The Euro-CD market for Latin American borrowers started in April 1990 when Mexican banks began issuing negotiable Euro-CDs through their London branches.37 Initially, yields were high (some 15 percent for Mexican issuers) to generate investor interest. Subsequently, yields on Mexican Euro-CDs declined sharply, reflecting lower U.S. short-term rates, the narrowing Mexican risk premium, and constraints on supply resulting from new regulations imposed by Banco de México to limit the growth of foreign deposit-taking by Mexican banks. Argentine, Brazilian, and Venezuelan banks began issuing Euro-CDs after mid-1991, but at higher interest rates than Mexican issues. By April 1992, outstanding Euro-CDs issued by a total of 14 Latin American banks amounted to about $13.5 billion, of which $12.4 billion represented claims on Mexican banks. In addition to Latin American banks, other developing country borrowers have re-entered the Euro-CD market, including Iktisat Bankasi, a private Turkish bank, which opened the first Euro-CD facility by a Turkish borrower since 1988.
A number of Euro-commercial paper (CP) programs have recently been established for Latin American corporate borrowers. The first such program was established in April 1991 when Hylsa, Mexico’s largest private steel producer, established a $100 million program. Seven other Mexican corporate borrowers have since tapped the Euro-CP market.38 The largest programs for Latin American borrowers were established by the United Mexican States (UMS) and Nafinsa in early 1992. The UMS Euro-CP program was the first to be established by a Latin American sovereign borrower. The $500 million multicurrency facility was intended to help establish a short-term yield curve for Mexican debt instruments and diversify Mexico’s funding base by attracting money management funds. The facility provides for paper maturities ranging from 30 days to 365 days. The UMS has reportedly issued several tranches with pricing close to 100 basis points over LIBOR. Also, a recent CP program established by Pemex in the United States features credit enhancement in the form of a letter of credit facility arranged by Swiss Bank Corporation, thus carrying an A1 plus rating. Pemex was the first Latin American borrower to tap the U.S.-CP market.
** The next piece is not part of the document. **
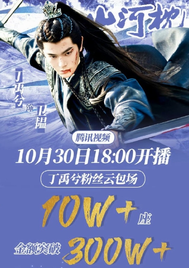 这部剧有点爹不疼娘不爱的感觉,一番女主宋茜现在开始转型了,接了郑晓龙的二番女主剧,已经进组拍戏,对这部剧不算上心,粉丝包了2万云包场,丁禹兮最后一部二番男主古偶,粉丝也算不错,给包了10万座云包场。

In contrast to the buoyant activity in the international bond market, syndicated bank lending to developing countries (excluding Kuwait and Saudi Arabia) declined in 1991 and in the first half of 1992. Medium- and long-term bank loan commitments to capital-importing developing countries dropped from $21.6 billion in 1990 to $16.7 billion in 1991, and to $5.2 billion in the first half of 1992 (Table A12). This decline paralleled a global fall in international bank syndications, which partly reflected constraints set by the Basle capital adequacy requirements and banks’ efforts to improve the quality and profitability of loan portfolios. Access to syndicated bank credit remained severely restricted for developing countries that had experienced, or are experiencing, debt-servicing difficulties. In contrast, two Middle Eastern borrowers (Kuwait and Saudi Arabia, which are not classified as capital-importing countries) were able to obtain substantial access to international bank credits. As regards concerted new money, commitments dropped to $129 million in 1991 and in the first half of 1992, while disbursements were limited to bank debt packages agreed in 1989 and 1990 (Table A13).
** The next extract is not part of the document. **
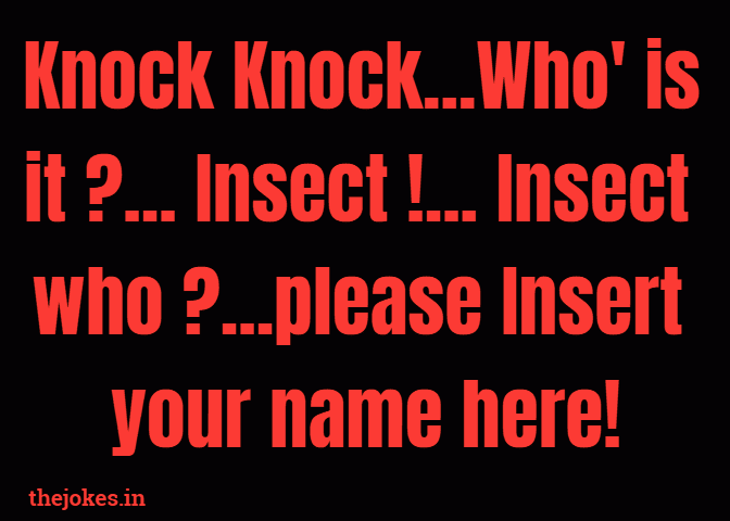Insect Knock Knock Jokes . Here you will find funny, silly and hilarious insect knock knock jokes for children of all ages, teens and adults . Animal Jokes 26 Bird Jokes 16 Cat Jokes 14 Cow Jokes 12 Dog Jokes 19 Insect Jokes 25 . Do you have a funny knock knock joke? Please . . .

With the decline of the international syndicated loan market, bilateral lending relationships between banks and their traditional customers have received greater emphasis. When banks have increased exposure to developing country customers, they generally have done so through short-term trade financing and, in some instances, longer-term project financing or export financing. These latter operations have usually been carefully structured to limit exposure to country transfer risk, through, for example, cofinancings with international organizations, official export credit guarantees, associations with direct investment flows, or collateralizations with liquid assets or export receivables.
Asian and Middle Eastern developing countries accounted for the bulk of new syndicated bank credit commitments to developing countries in 1991 and in the first half of 1992. New commitments to Asian countries dropped by $2.5 billion during the first half of 1992, largely reflecting the reduced pace of borrowing by Indonesian residents following the imposition in November 1991 of measures to curtail foreign borrowing. Nevertheless, new commitments to the region accounted for over 80 percent of total commitments to capital-importing developing countries. Also, in the wake of the Middle East war, demand for reconstruction finance in the Middle East prompted a sharp increase in commitments to some Middle Eastern borrowers (mainly Kuwait and Saudi Arabia). In particular, the Saudi Arabian Monetary Authority established a $4.5 billion loan facility in May 1991, Saudi Arabia’s first significant external borrowing since 1989. Since then, additional credit facilities established for Saudi Arabian borrowers have totaled some $7.4 billion. In addition, the Government of Kuwait signed a $5.5 billion syndicated loan facility in December 1991, its first significant external borrowing since 1984.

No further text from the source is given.